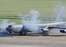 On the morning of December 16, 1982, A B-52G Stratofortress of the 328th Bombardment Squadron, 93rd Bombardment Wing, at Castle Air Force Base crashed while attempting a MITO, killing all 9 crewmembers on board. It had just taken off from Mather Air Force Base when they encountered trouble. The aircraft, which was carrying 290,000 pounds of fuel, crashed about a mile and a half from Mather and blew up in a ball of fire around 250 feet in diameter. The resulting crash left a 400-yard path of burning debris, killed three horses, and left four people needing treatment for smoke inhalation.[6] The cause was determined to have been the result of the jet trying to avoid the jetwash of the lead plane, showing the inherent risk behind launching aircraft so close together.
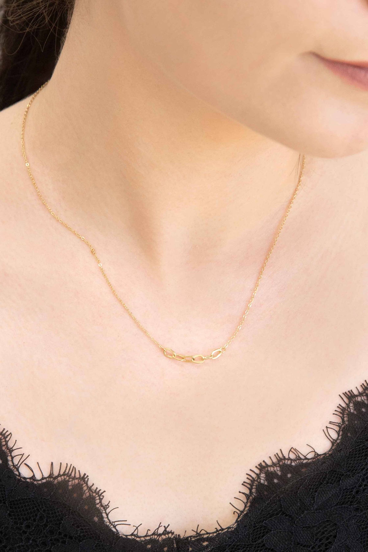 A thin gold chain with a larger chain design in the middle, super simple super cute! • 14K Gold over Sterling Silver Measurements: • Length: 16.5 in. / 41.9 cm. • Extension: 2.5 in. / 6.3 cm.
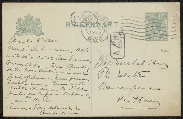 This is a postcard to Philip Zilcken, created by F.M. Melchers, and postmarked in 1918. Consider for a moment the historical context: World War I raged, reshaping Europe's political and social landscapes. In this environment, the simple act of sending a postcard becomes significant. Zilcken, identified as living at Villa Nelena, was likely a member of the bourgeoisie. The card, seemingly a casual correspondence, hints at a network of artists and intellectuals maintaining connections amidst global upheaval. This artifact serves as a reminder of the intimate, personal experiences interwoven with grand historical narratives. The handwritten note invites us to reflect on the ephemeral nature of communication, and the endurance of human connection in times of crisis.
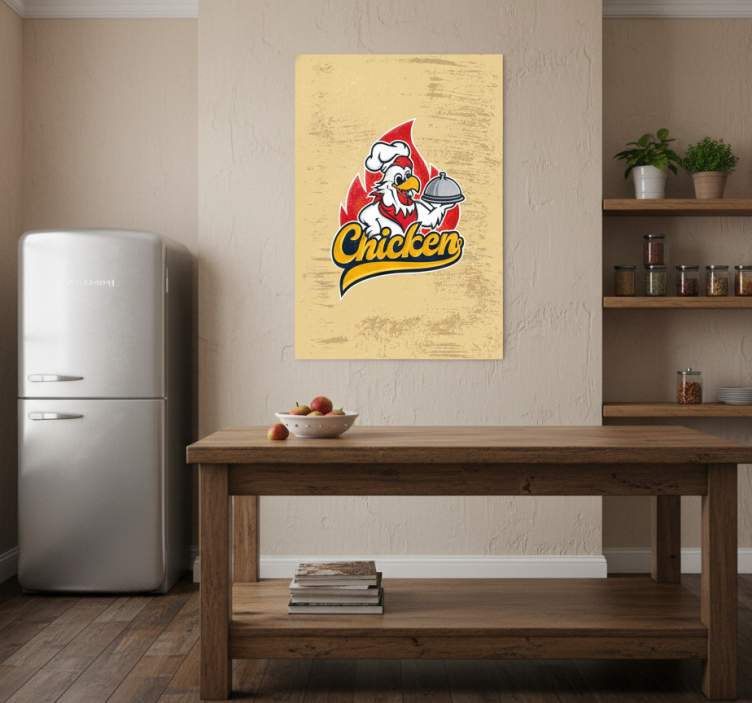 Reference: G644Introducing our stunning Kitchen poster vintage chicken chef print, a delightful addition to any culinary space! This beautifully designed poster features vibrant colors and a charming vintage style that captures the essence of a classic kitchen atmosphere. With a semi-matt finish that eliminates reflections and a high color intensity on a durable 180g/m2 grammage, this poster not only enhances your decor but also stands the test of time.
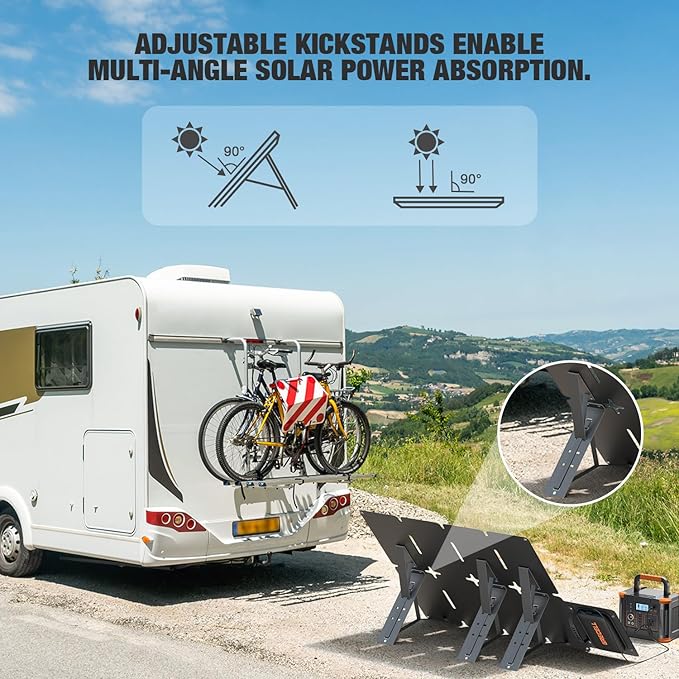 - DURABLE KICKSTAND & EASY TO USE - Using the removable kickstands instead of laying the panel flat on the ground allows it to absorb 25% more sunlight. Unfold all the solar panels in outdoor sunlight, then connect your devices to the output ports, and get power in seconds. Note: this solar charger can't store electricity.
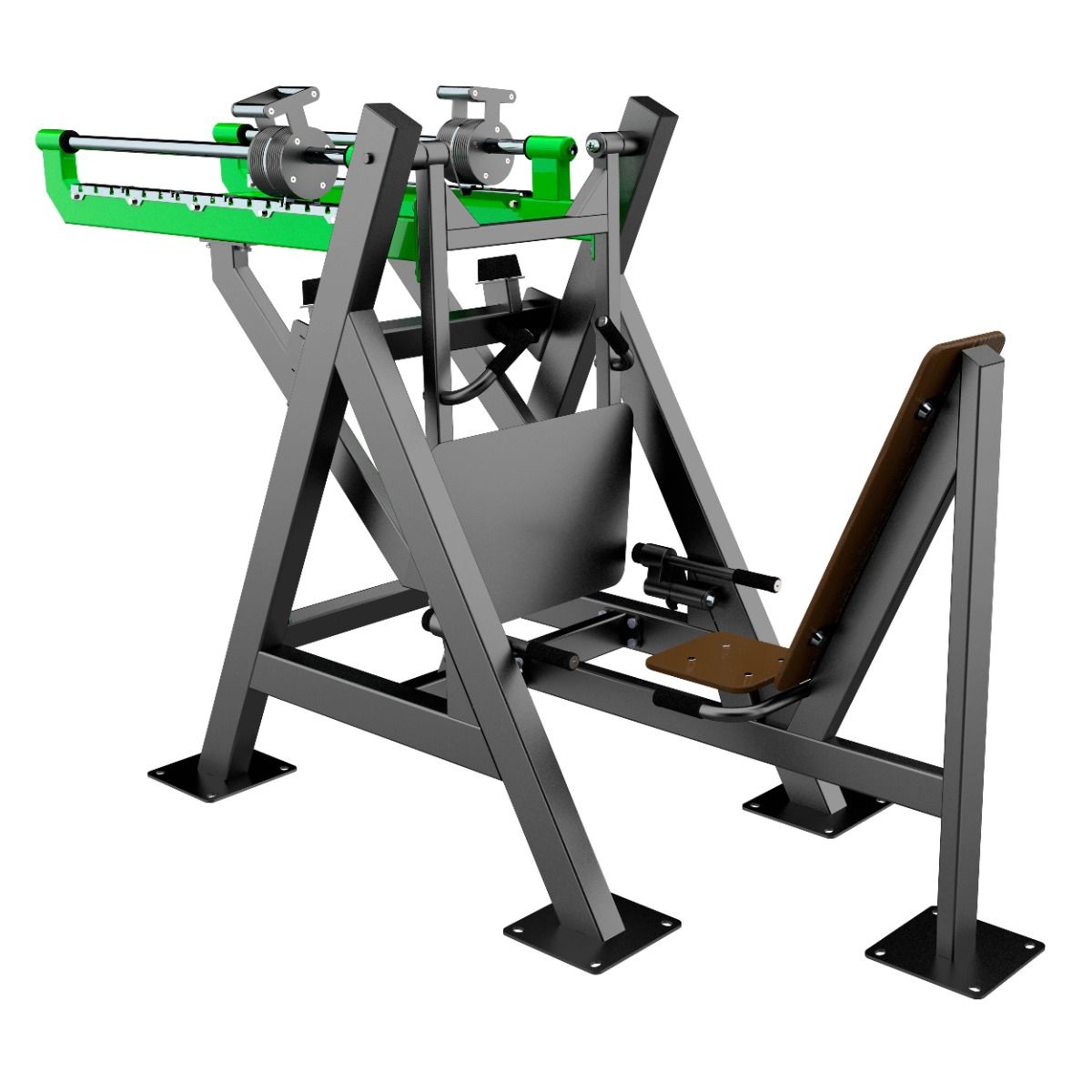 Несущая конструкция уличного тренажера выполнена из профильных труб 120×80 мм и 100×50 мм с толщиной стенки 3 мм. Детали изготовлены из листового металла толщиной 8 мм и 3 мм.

-- WORK ITEM --
Pictures in the records above are to be left out of an otherwise exact copy.

-- EXERCISE SOLUTION --
 On the morning of December 16, 1982, A B-52G Stratofortress of the 328th Bombardment Squadron, 93rd Bombardment Wing, at Castle Air Force Base crashed while attempting a MITO, killing all 9 crewmembers on board. It had just taken off from Mather Air Force Base when they encountered trouble. The aircraft, which was carrying 290,000 pounds of fuel, crashed about a mile and a half from Mather and blew up in a ball of fire around 250 feet in diameter. The resulting crash left a 400-yard path of burning debris, killed three horses, and left four people needing treatment for smoke inhalation.[6] The cause was determined to have been the result of the jet trying to avoid the jetwash of the lead plane, showing the inherent risk behind launching aircraft so close together.
 A thin gold chain with a larger chain design in the middle, super simple super cute! • 14K Gold over Sterling Silver Measurements: • Length: 16.5 in. / 41.9 cm. • Extension: 2.5 in. / 6.3 cm.
 This is a postcard to Philip Zilcken, created by F.M. Melchers, and postmarked in 1918. Consider for a moment the historical context: World War I raged, reshaping Europe's political and social landscapes. In this environment, the simple act of sending a postcard becomes significant. Zilcken, identified as living at Villa Nelena, was likely a member of the bourgeoisie. The card, seemingly a casual correspondence, hints at a network of artists and intellectuals maintaining connections amidst global upheaval. This artifact serves as a reminder of the intimate, personal experiences interwoven with grand historical narratives. The handwritten note invites us to reflect on the ephemeral nature of communication, and the endurance of human connection in times of crisis.
 Reference: G644Introducing our stunning Kitchen poster vintage chicken chef print, a delightful addition to any culinary space! This beautifully designed poster features vibrant colors and a charming vintage style that captures the essence of a classic kitchen atmosphere. With a semi-matt finish that eliminates reflections and a high color intensity on a durable 180g/m2 grammage, this poster not only enhances your decor but also stands the test of time.
 - DURABLE KICKSTAND & EASY TO USE - Using the removable kickstands instead of laying the panel flat on the ground allows it to absorb 25% more sunlight. Unfold all the solar panels in outdoor sunlight, then connect your devices to the output ports, and get power in seconds. Note: this solar charger can't store electricity.
 Несущая конструкция уличного тренажера выполнена из профильных труб 120×80 мм и 100×50 мм с толщиной стенки 3 мм. Детали изготовлены из листового металла толщиной 8 мм и 3 мм.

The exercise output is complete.